There was a lot of talking in the Massachusetts Senate Reading Room yesterday at the ODF/XML Open Format. And even some news
It’s now the day after the Open Format Open Forum was held in the Reading Room of the Massachusetts Senate, and all of the articles have been posted by those who were (and weren’t) there. But what is the consensus of the Noosphere on what happened, and on what will happen next?
We all know that what is actually said in a meeting, as compared to the consensus that emerges from the collective, barbaric yawp of the commentators (like me), is never congruent. Over the course of 2 Â½ hours, copious notes get taken that must then be digested into a mere 600 words that must convey not only the key facts, but develop a story line as well in order to hold the interest of busy, on-line visitors through a full one or two minutes of speed reading.
What congeals 24, or at most 48, hours after the fact is therefore usually a single, increasingly sharp (and less accurate) approximation of what really transpired. Or, if there is controversy, then two images (“our” story and “their” story) coalesce, each of which is, due to the controversy, that much more stridently supported, and inevitably that much more divergent from the truth than if there were but one consensus interpretation. Years later, historians may go back and “reinterpret” history, supplying yet a third version that may, or may not, more closely approximate reality.
Immediately after the Forum, most of the reporters I bumped into were scratching their heads and wondering what, if any news, had actually emerged during the open meeting. Many accounts were written, most of which included more of a summary of the story up to now than what was said at the meeting, or turned the words of one speaker or another against them to prove their false intentions.
My intention today was to sample the numerous stories that were added to the XML/ODF story stack today. But after reading them all, I’m not sure that the effort would be sufficiently rewarding to the reader to warrant the effort on either side of the equation.
So instead, here’s what the piece of the elephant I’m holding feels like. I’ll focus on just a single point that I think came out of the meeting, and which I think actually constitutes news.
That point is this: I think that Microsoft has made a strategic decision that it will be sufficient for its XML Reference Schema to be blessed by Massachusetts — as compared to pressing for a final decision that would *include* its Schema while *excluding* ODF – a significant development in that in September it appeared to me that the goal was to block ODF from adoption at all.
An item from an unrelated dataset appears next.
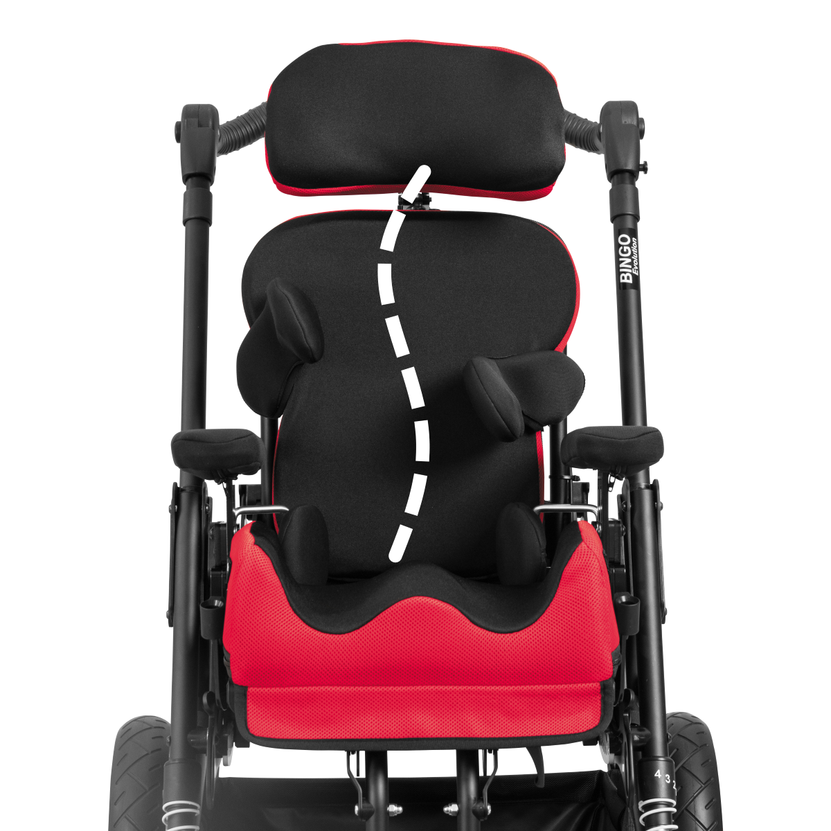 Tilpasningsmulighetene i ryggputen i kombinasjon med regulering av sidestøttene gir unik mulighet for tilpasning til asymmetriske kropper i vognen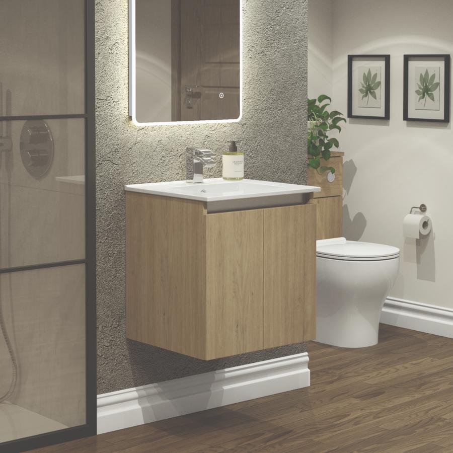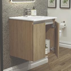 Newland 500mm Double Door Suspended Basin Unit With Ceramic Basin Natural Oak

As evidence for this conclusion, I would point to the introductory remarks of Alan Yates, Microsoft’s General Manager of Information Worker Business Strategy, and the spokesperson for Microsoft for many months on all things ODF. You can read Alan’s remarks at Pamela Jones’ Groklaw site, as transcribed by jtiner from the full podcast recorded by Dan Bricklin, and available at his site. Note the following out takes:
What I’m really going to be talking about is Massachusetts actually opening up to more choice and more competition than the current policy has. That’s, I think that’s the fundamental decision that’s before us. Can Massachusetts open up to more choice, additional standards, in order to enable greater value over a period of time? And by doing that, by enabling more choice over a period of time, you avoid the industry warfare that tends to jerk governments around from one month to the next month, to one debate to the next debate to the next debate….
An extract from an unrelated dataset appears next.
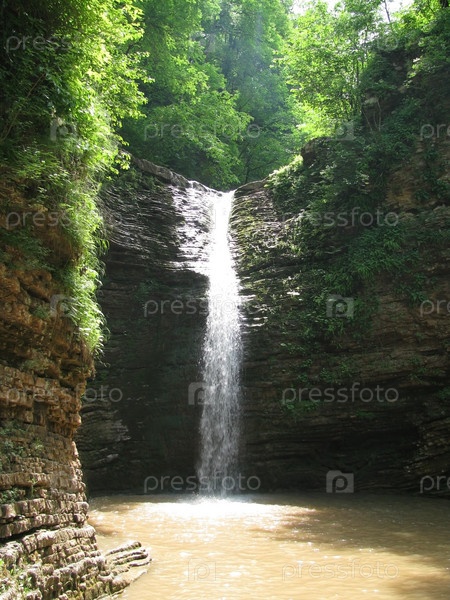 Водопад в горах Кавказа летом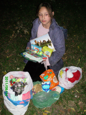 Соне поравились обручи для волос и заколки, книги, тетради, канц принадлежности. (Соню перевели в другую школу и мама до сих пор не может ей купить ни учебники по новой программе, ни остальное, а Соню дразнят в школе одноклассники). Ходят девочки в совдеповских тоненьких курточках на тонком синтепоне. Спасает теплая кофта.

So, with that, I would just like to summarize by saying Microsoft has never argued, you know, really, against the OpenDocument format in any way, shape or form. Microsoft is really concerned about Massachusetts opening up to more choice, more competition. Competition between standards, we believe, is a very good thing in this rapidly evolving area of technology and by doing so, Massachusetts will, in fact, be a leader around the world in spurring this new level of innovation that’s possible around documents.
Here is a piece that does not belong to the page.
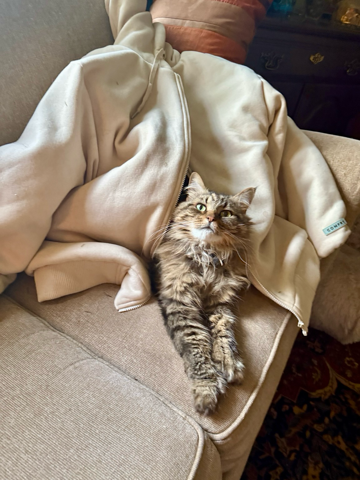 Emily is obsessed with this hoodie, and the cattitude when I threatened to take it away for washing is strong. It's hers now, at least according to her. #cats #CatsOfMastodon #caturday

Passing for the moment on the interesting comment that Microsoft “has never argued” against ODF in any way (on that contention, see the answer to the third question of the FAQ posted by Microsoft at its Website on December 13) or for the moment remarking on the use of the past tense, it is good news if Microsoft has really decided not to work against ODF adoption (in private as well as in public) in Massachusetts.
Am I right? I don’t know for sure, but it’s significant to me that Alan Yates, who has (in my observation) been incredibly good at staying on message would have purposefully and firmly have stated this in his introductory remarks.
I think that this is very good for two reasons. First, if Microsoft does not intend to fight the adoption by Massachusetts of ODF, then CIOs in other states will be emboldened to follow the lead of Peter Quinn. And second, if the manifest destiny of ODF can in fact gather steam, then, as a result, Microsoft must follow through on its pledge to open up Office. As long as ODF is in the race, then Microsoft must keep its promises, and ODF thus becomes a stalking horse for increased openness on the part of Microsoft. As long as there are credibly two alternatives in the marketplace, there is an incentive for other vendors to push ODF as hard as they can, which in turn puts that much more pressure on Microsoft not to backslide.
So was there news made in the formal, high-ceilinged Reading Room of the Massachusetts Senate yesterday? I think that there was. One just had to listen carefully to hear it.